The expected answer comprises all lines from the entries that contain the string "Kuusamon".

○ ○ ○

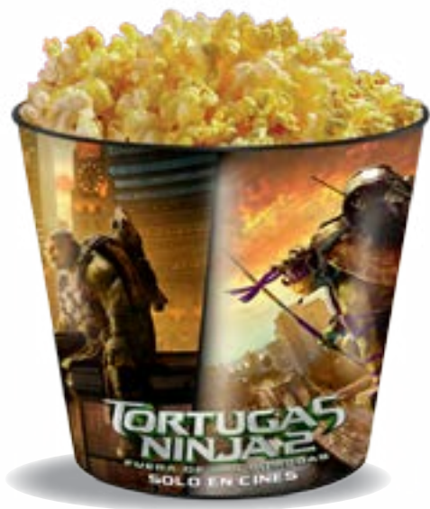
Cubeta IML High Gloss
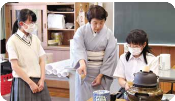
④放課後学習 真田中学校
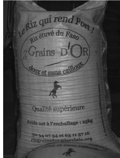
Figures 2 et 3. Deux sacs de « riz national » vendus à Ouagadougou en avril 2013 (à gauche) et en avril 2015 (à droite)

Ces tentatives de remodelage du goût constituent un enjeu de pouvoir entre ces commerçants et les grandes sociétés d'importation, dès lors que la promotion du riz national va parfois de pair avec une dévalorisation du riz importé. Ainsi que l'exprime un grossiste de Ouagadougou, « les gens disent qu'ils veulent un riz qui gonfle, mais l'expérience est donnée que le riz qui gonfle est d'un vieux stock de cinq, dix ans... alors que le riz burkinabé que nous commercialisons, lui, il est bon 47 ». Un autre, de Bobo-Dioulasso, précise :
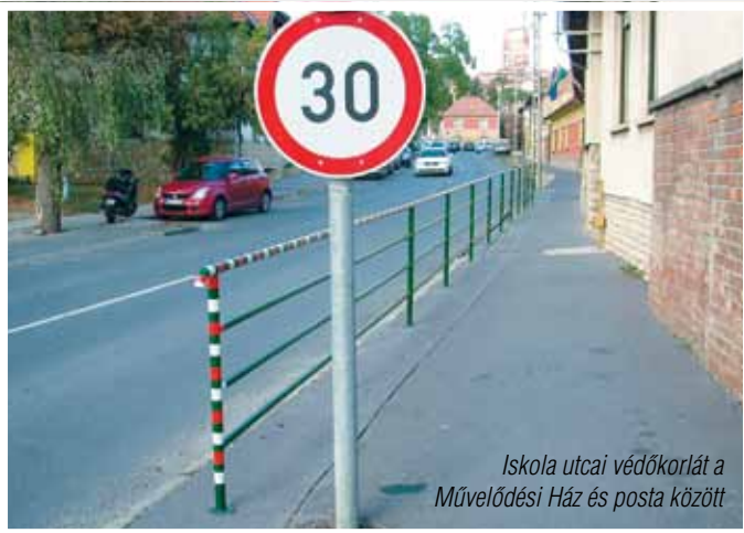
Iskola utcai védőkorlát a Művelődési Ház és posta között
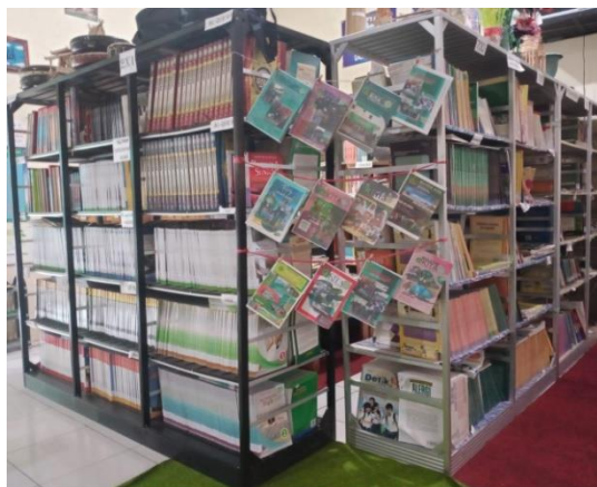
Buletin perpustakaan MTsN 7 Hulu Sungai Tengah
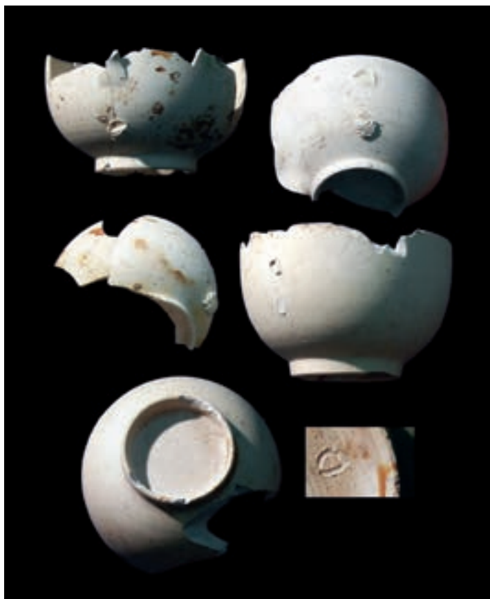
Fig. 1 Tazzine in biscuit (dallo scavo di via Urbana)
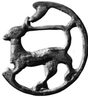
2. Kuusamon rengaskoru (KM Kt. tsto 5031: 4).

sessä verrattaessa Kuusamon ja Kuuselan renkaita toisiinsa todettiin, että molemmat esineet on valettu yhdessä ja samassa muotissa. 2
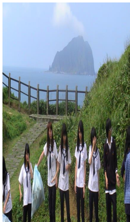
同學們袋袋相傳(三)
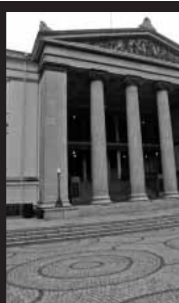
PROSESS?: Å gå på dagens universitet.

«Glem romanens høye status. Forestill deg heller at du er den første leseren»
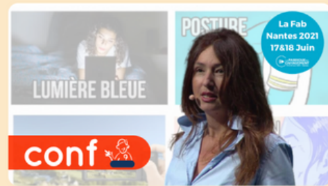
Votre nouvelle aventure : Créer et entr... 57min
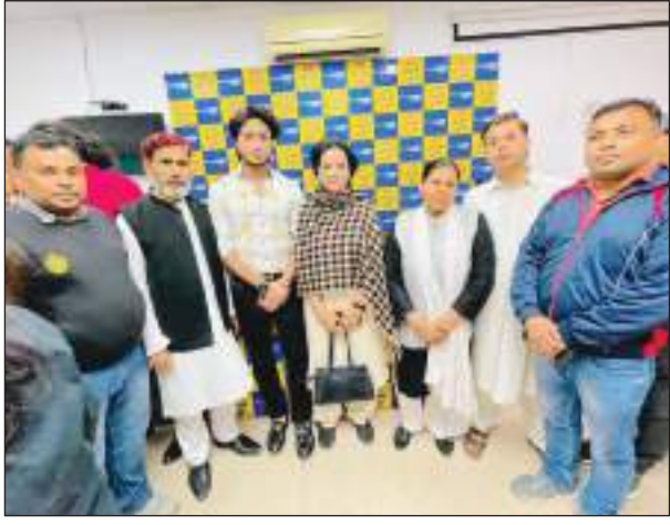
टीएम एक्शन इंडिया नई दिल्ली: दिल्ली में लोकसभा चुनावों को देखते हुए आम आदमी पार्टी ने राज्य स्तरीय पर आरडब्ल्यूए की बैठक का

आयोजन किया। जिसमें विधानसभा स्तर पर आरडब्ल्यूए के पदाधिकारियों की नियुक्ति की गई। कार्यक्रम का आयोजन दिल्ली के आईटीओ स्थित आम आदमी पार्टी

○ ○ ○

--- Your solution ---
2. Kuusamon rengaskoru (KM Kt. tsto 5031: 4).
sessä verrattaessa Kuusamon ja Kuuselan renkaita toisiinsa todettiin, että molemmat esineet on valettu yhdessä ja samassa muotissa. 2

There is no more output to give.